▸ What the task asks:
A verbatim copy is needed of the lines below from the one containing "meisje in de" up to and including the one containing "Les mots de", excluding pictures.

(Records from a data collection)

· · · · · · ·

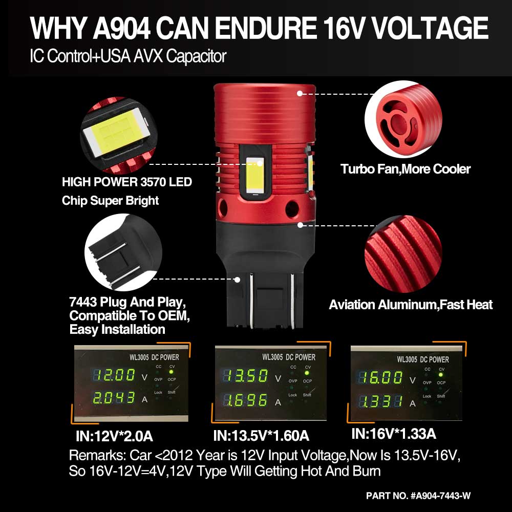 - Replacement for any 7443 bulb size, including 7441, 992, 7444NA, 7443, 7443ST, 7443LL.
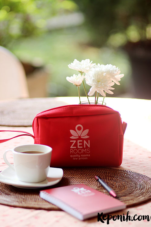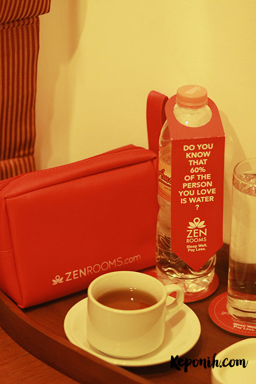 Di kamarnya ada pernak pernik keren berwarna merah, diantaranya tambahan bantal merah dengan logo ZEN Rooms, juga mineral water dengan packing khas ZEN Rooms, alas gelas ZEN Rooms, gantungan pintu ala ZEN Rooms, juga pouch yang bertengger sebelah TV, kepo isinya apa ? Ini dia : hand sanitizer, handuk kecil, 2 sikat gigi, pulpen, notebook mini, dan 1 voucher potongan harga 10% untuk next staycation. Aseeeek.
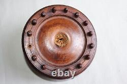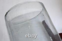 Superb and old butter churn with paddles, 19th century Popular Art, made of wood with an original blown glass container. The entire mechanism is handcrafted from wood. Note that the wood is aged in certain areas, the hand crank is missing, a small spindle is broken (no broken screws), there are woodworm holes, the churn needs restoration; otherwise, it is a very beautiful piece. Base diameter 21.5 cm, glass diameter 12 cm.
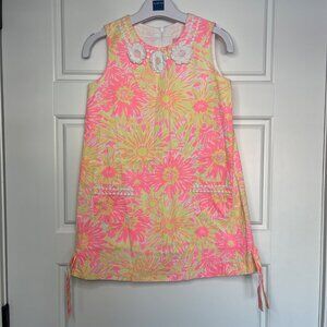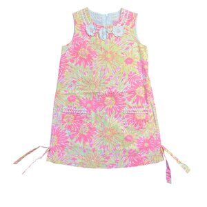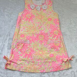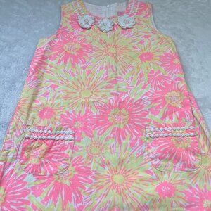 Lilly Pulitzer Classic Shift Dress Girls 6 100% Cotton Floral Pink Yellow Pocket
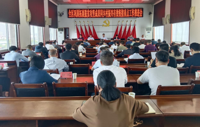10月25日下午,全区巩固拓展脱贫攻坚成果同乡村振兴有效衔接重点工作推进视频会议召开,会议深入学习贯彻党的二十大精神,全面剖析全区巩固拓展脱贫攻坚成果推进乡村振兴面临的形势任务、存在的短板弱项,安排部署当前巩固拓展脱贫攻坚成果同乡村振兴有效衔接问题清零工作,深入推进全区乡村振兴重点工作。区委副书记、统战部长龙军参加会议并讲话,区委常委、副区长欧阳小婷主持。
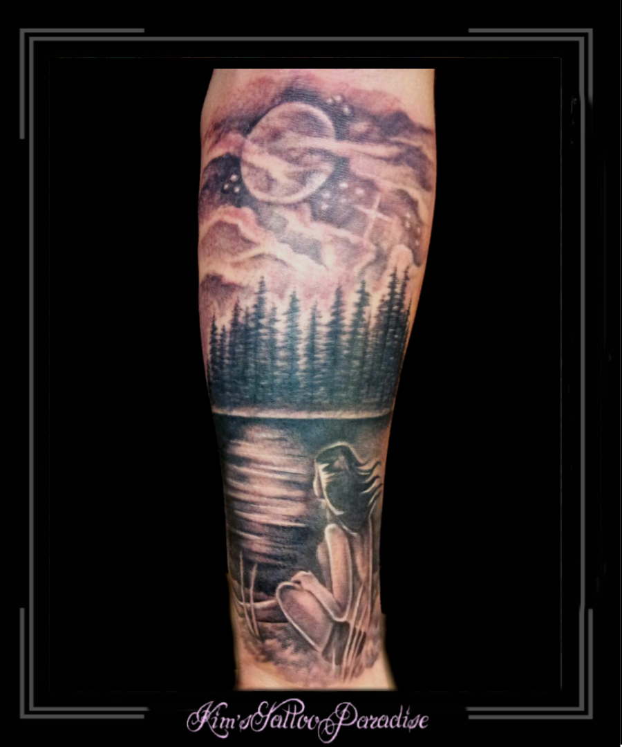 meisje in de maneschijn 24 december 2014 Geef een reactie Tattoo bomen, dennebomen, girl, landscape, landschap, maan, maneschijn, meisje, moon, moonlight, trees, vrouw, water, wolken, woman
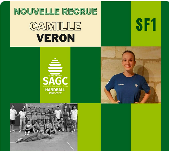 Les mots de Camille Veron : « J’ai hâte de pouvoir jouer et partager cette saison avec l’équipe sous les couleurs du SAGC. »
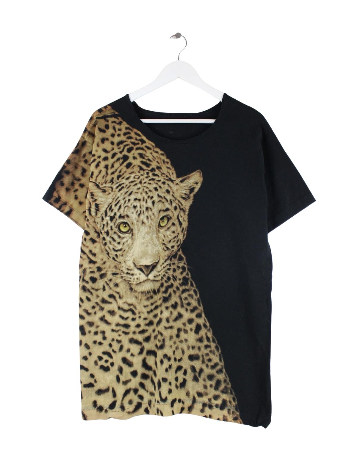 Vintage T-Shirt in Größe XL aus den 90'ern. Es ist aus Baumwolle hergestellt und in Schwarz bei uns zu bekommen. Mit chiquem Leopard Print.
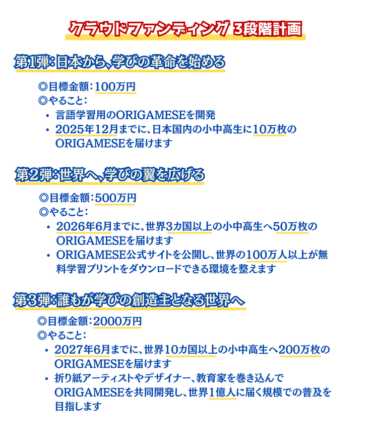 皆様からのご支援を力に、ORIGAMESEは日本から世界へ、そして誰もが学びを創造できる未来へと大きく羽ばたいていきます。
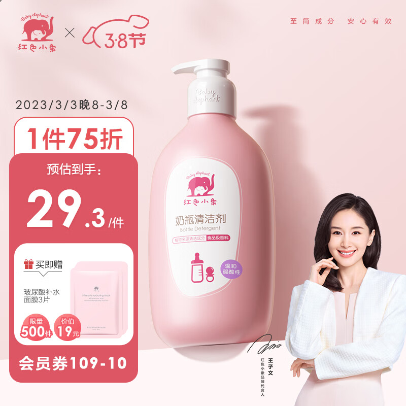 先领75-35券,红色小象 婴儿奶瓶清洗剂400ml
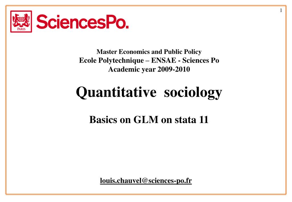 Master Economics and Public Policy Ecole Polytechnique – ENSAE - Sciences Po Academic year 2009-2010 Quantitative sociology Basics on GLM on stata 11 louis.chauvel@sciences-po.fr
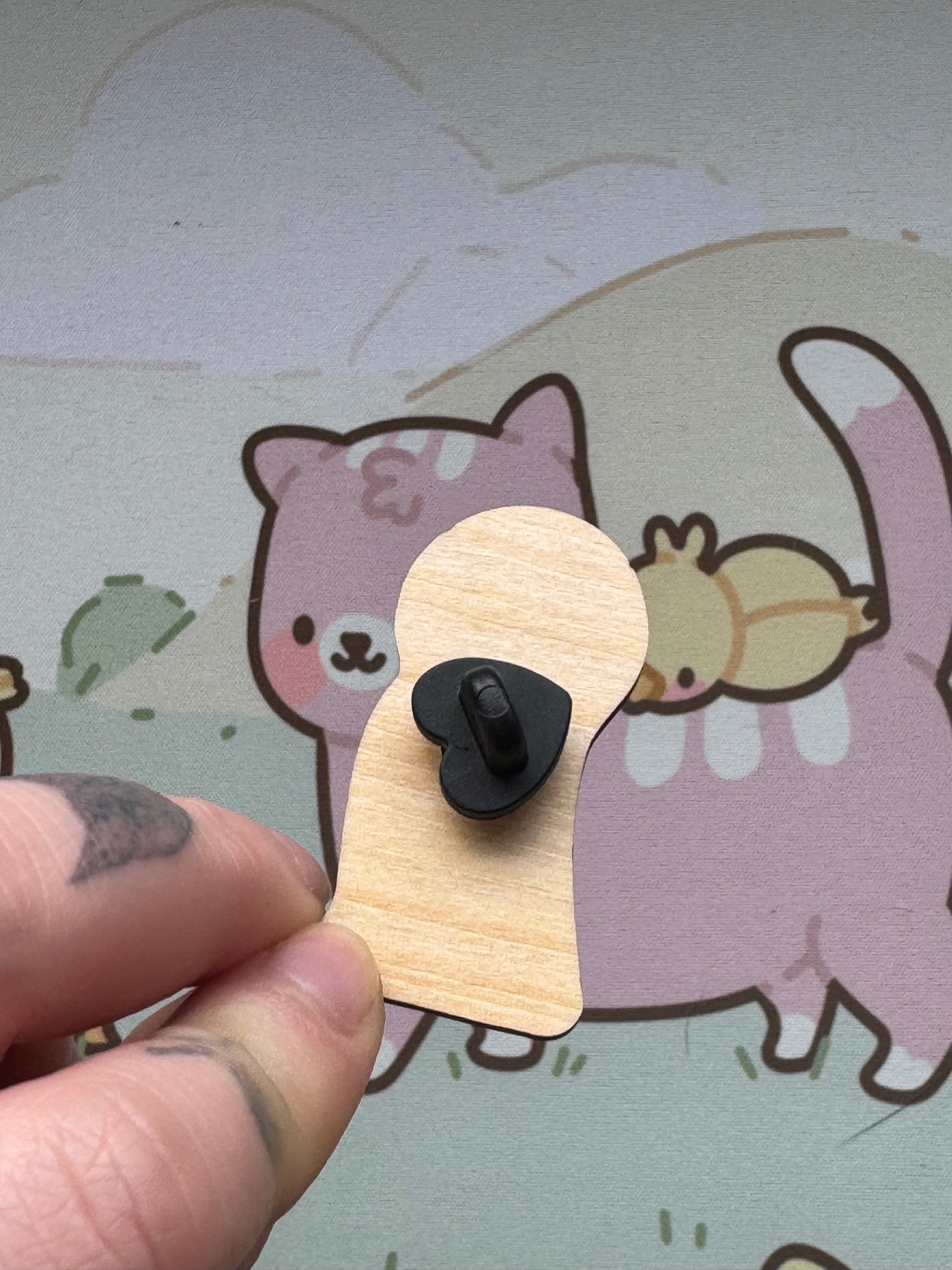 The design was drawn by me (Harper) on my iPad, then sent off to my manufacturer to be made into a synthetic wooden pin! When the pins arrive with me from manufacturing, each one is quality checked and packaged up onto backing cards that I also design!

· · · · · · ·

▸ Answer space:
 meisje in de maneschijn 24 december 2014 Geef een reactie Tattoo bomen, dennebomen, girl, landscape, landschap, maan, maneschijn, meisje, moon, moonlight, trees, vrouw, water, wolken, woman
 Les mots de Camille Veron : « J’ai hâte de pouvoir jouer et partager cette saison avec l’équipe sous les couleurs du SAGC. »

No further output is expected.